Are you a referral wimp? When you get to the end of an appointment with a client and you realize you don’t have time to ask for referrals, does a little voice inside of you go “Whoopee! I’ll try to ask next time?” Do you feel guilty about not getting as many referrals as you know you should (and probably could)? You’re a referral wimp if you are letting your rationalizations, mistaken assumptions, and bold-face fear of asking for referrals run your career. The good news is that it doesn’t need to be this way.
Some marketing “gurus” are spreading false rumors that you can’t ask for referrals anymore. Why would they make such false statements? Probably because they’re referral wimps, too. Or maybe they just don’t know what I know. You can ask for referrals from clients these days — as long as you do it in the right way.

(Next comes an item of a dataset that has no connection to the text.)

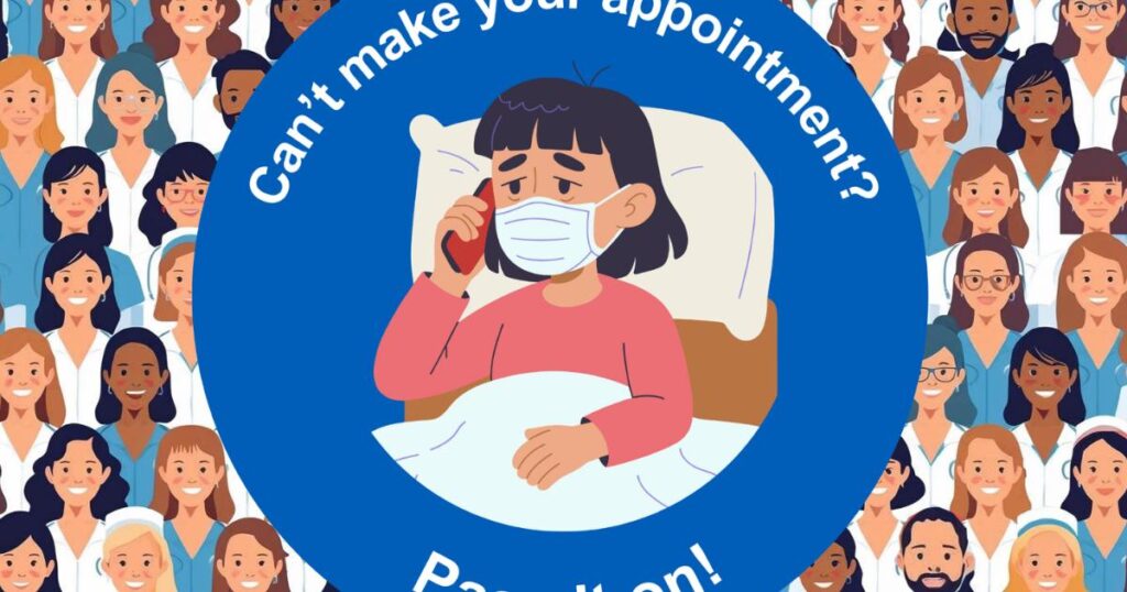 “If you can call us more than 24 hours in advance, we can ‘pass it on’ and offer your appointment to one of your neighbours.”

Every reason I’ve ever heard from agents and advisors as to why they don’t ask for referrals is fear based. They might not always use the word fear, but the basis of their reason is that four-letter word. This article will deal with the three most prevalent fears I encounter as I deliver referral training and coaching exclusively in the financial services industry.

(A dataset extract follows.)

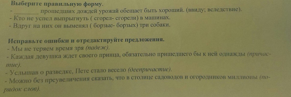 Вследствие. Сгорел. Борзых. Времени. В столице миллионы садоводо

Before I give you these four fears, let’s keep in mind an important concept. It is impossible to think our way through a fear. You can think your way up to facing a fear, and you can rationalize why you don’t have to face that fear, but the only way to really eliminate a fear is to do that thing you fear. To take action, move through it and watch the fear dissolve.
Fear of appearing pushy
Most advisors don’t want to appear pushy, and neither do they want to hurt their relationships by asking for referrals. (There are some old-school agents who haven’t learned better yet.) I certainly understand this concern. But here’s the good news. To move through this fear, all you have to do is find a way to engage your clients in a referral conversation that doesn’t come across as pushy — that will not hurt a relationship.
So, how do you ask clients for referrals without appearing pushy? Don’t assume they are willing to talk referrals; get their buy-in to the conversation. There are times to be assumptive in selling situations. This is not one of those times. You cannot plow ahead and ask clients for referrals. That’s pushy. Why? Because we know that not all clients like to talk about referrals — especially when it comes to personal financial matters. We have to be a little softer these days.

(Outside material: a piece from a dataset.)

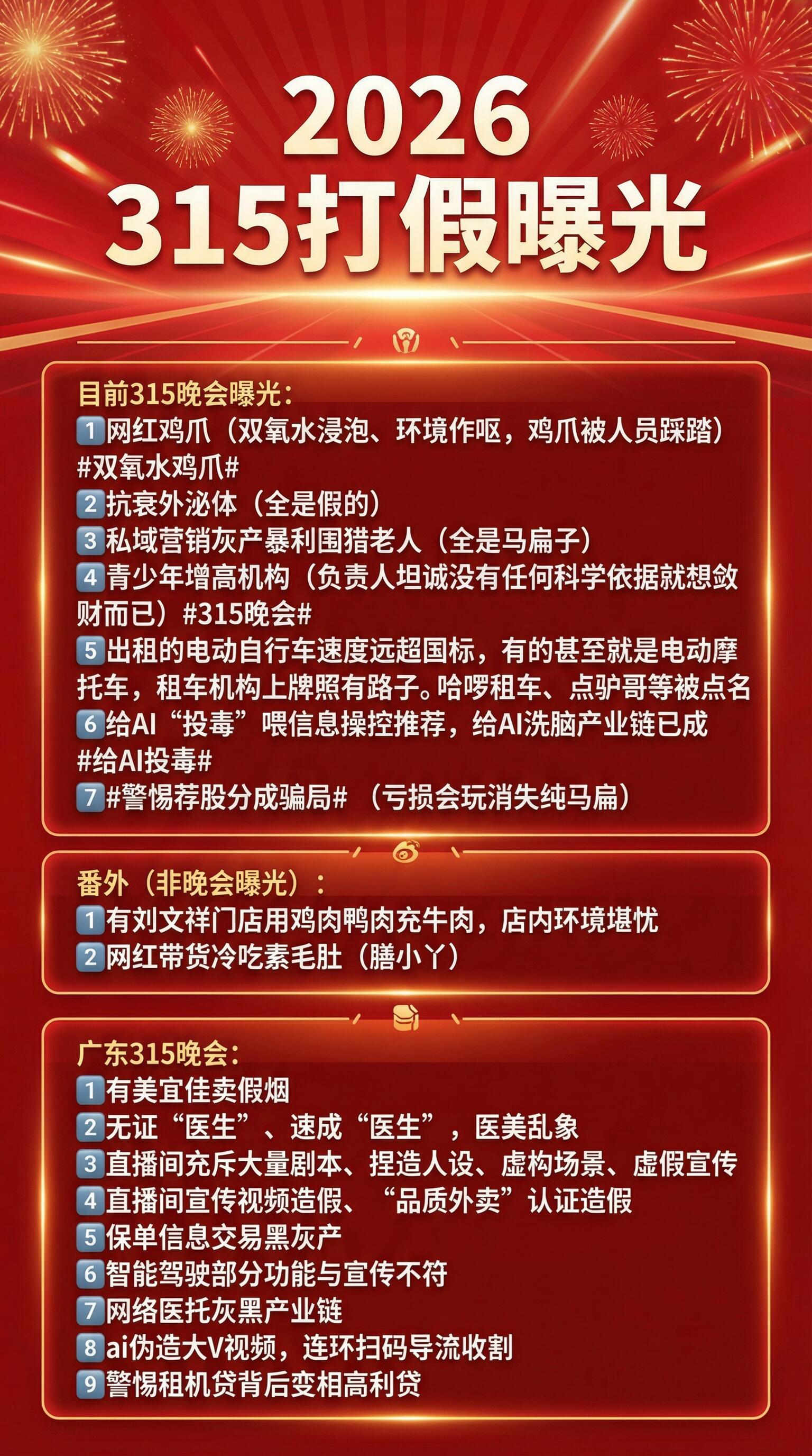 315名单 315晚会打假名单来了,词条爆了!吃的用的全是坑,漂白凤爪、泡药虾仁、假增高、假医美、假专家......每年315都在刷新底线,别只今晚曝光,希望天天严查、狠狠处罚! 双氧水鸡爪

Get permission (not begging, but in a confident way) to talk about introductions. Give them the opportunity to say no. Don’t push them into a corner. Let them feel in control of the conversation at all times.
Fear of begging
I hear this a lot from veteran advisors. They don’t want to look unsuccessful or needy with their clients. And I can certainly understand this concern. More good news! All you have to do is find a way to engage your clients in a referral conversation that doesn’t come from a needy place — that comes instead from a place of confidence, success and value.
So how do you do this? Simple. Skip the old style of asking for referrals, where you make it all about yourself: “I get paid in referrals.” “I’m trying to build my business and I really need your help. Please! Please!” Make your referral conversation about the value they have recognized in their work with you. Get in the habit of always checking in with your clients to make sure they see the value in your processes and in your relationship. (This is usually best done in person, but it can be done over the phone if part of a scheduled phone appointment.) Focus on the importance of the work that you do and bringing that important work to others.
Also, how you present this conversation will go a long way in determining how they respond to you. If you come across as weak or apologetic, don’t expect a good response from your client. Plus, you’ll feel wimpy. You’ll come across as needy.